▶ **ASSIGNMENT**
What is wanted is every line below from the one with "Σετ αλτήρων 10" up to and including the one with "Passage Leatherette Woven", retyped exactly, pictures excluded, nothing else.

▶ **PROVIDED RECORDS**
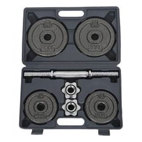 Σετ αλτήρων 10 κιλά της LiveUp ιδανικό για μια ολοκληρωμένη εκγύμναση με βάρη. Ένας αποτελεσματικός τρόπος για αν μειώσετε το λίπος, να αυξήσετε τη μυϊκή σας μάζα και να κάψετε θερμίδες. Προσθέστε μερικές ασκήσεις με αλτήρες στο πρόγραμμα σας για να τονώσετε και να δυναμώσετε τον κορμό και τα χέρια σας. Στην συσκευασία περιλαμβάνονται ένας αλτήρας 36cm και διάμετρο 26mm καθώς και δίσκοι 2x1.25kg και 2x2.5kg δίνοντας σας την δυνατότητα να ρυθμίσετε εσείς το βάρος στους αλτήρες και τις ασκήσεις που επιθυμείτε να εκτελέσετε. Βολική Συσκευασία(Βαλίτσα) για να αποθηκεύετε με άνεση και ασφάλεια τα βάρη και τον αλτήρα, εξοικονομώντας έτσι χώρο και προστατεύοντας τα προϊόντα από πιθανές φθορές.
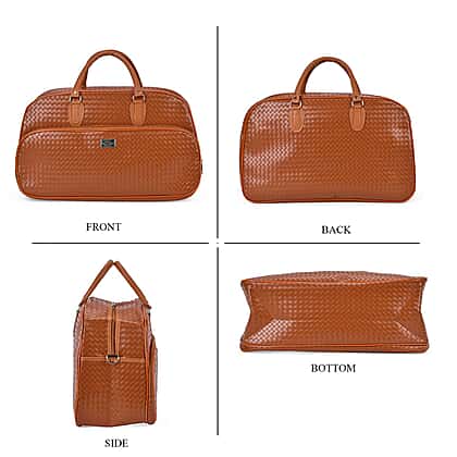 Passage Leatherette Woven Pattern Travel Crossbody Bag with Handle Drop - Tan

...

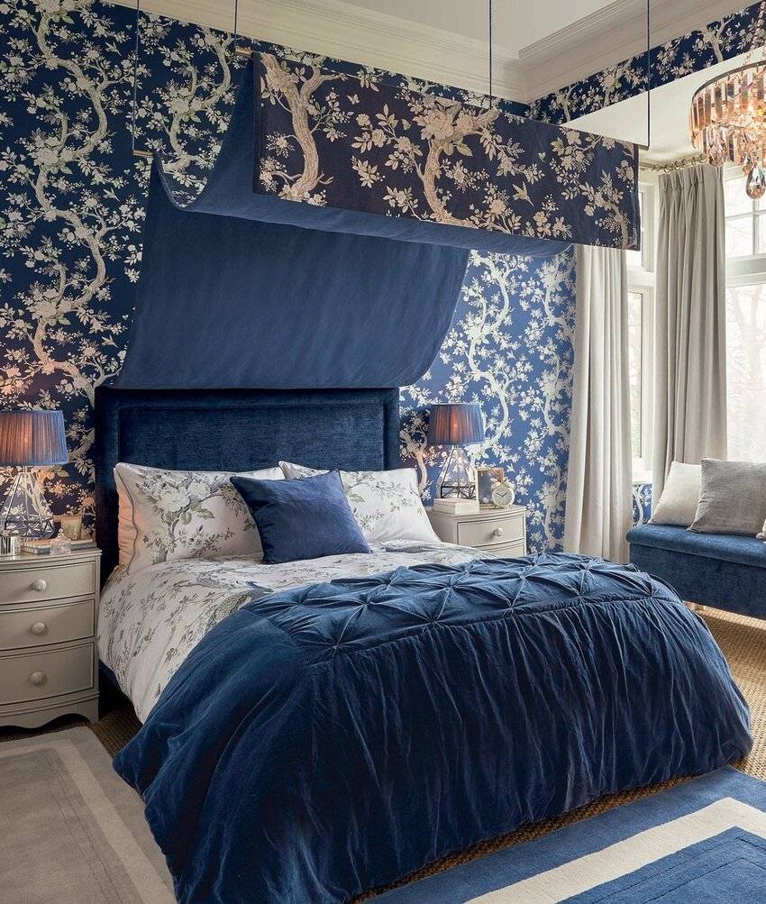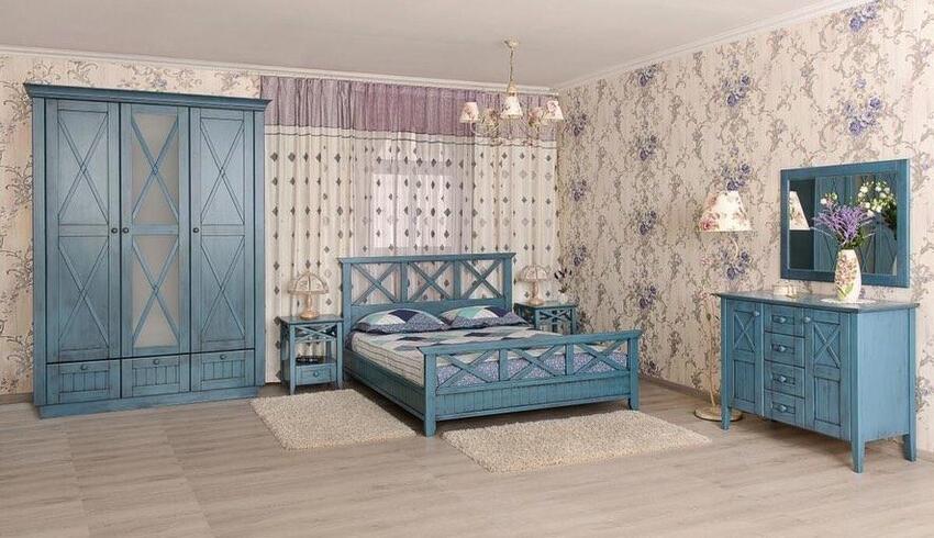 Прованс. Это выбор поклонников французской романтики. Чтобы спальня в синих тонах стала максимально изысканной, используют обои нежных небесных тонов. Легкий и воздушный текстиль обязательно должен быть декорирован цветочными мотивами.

--

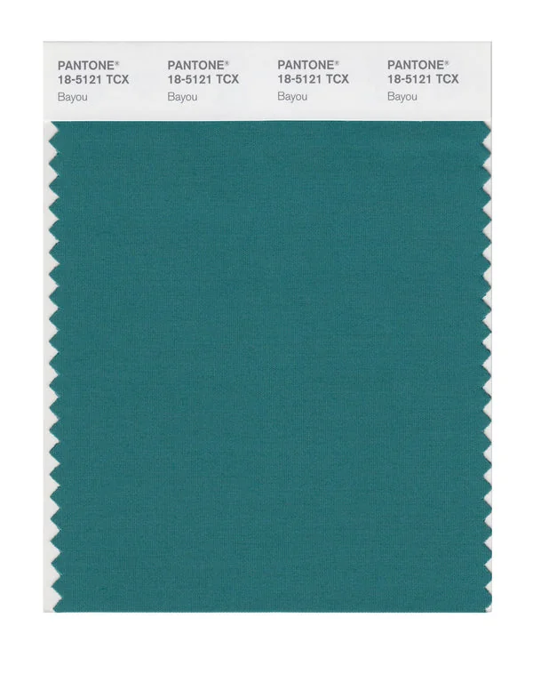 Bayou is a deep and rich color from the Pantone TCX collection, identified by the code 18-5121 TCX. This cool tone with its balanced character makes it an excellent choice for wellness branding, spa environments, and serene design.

▶ **ANSWER TO THE EXERCISE**
 Σετ αλτήρων 10 κιλά της LiveUp ιδανικό για μια ολοκληρωμένη εκγύμναση με βάρη. Ένας αποτελεσματικός τρόπος για αν μειώσετε το λίπος, να αυξήσετε τη μυϊκή σας μάζα και να κάψετε θερμίδες. Προσθέστε μερικές ασκήσεις με αλτήρες στο πρόγραμμα σας για να τονώσετε και να δυναμώσετε τον κορμό και τα χέρια σας. Στην συσκευασία περιλαμβάνονται ένας αλτήρας 36cm και διάμετρο 26mm καθώς και δίσκοι 2x1.25kg και 2x2.5kg δίνοντας σας την δυνατότητα να ρυθμίσετε εσείς το βάρος στους αλτήρες και τις ασκήσεις που επιθυμείτε να εκτελέσετε. Βολική Συσκευασία(Βαλίτσα) για να αποθηκεύετε με άνεση και ασφάλεια τα βάρη και τον αλτήρα, εξοικονομώντας έτσι χώρο και προστατεύοντας τα προϊόντα από πιθανές φθορές.
 Passage Leatherette Woven Pattern Travel Crossbody Bag with Handle Drop - Tan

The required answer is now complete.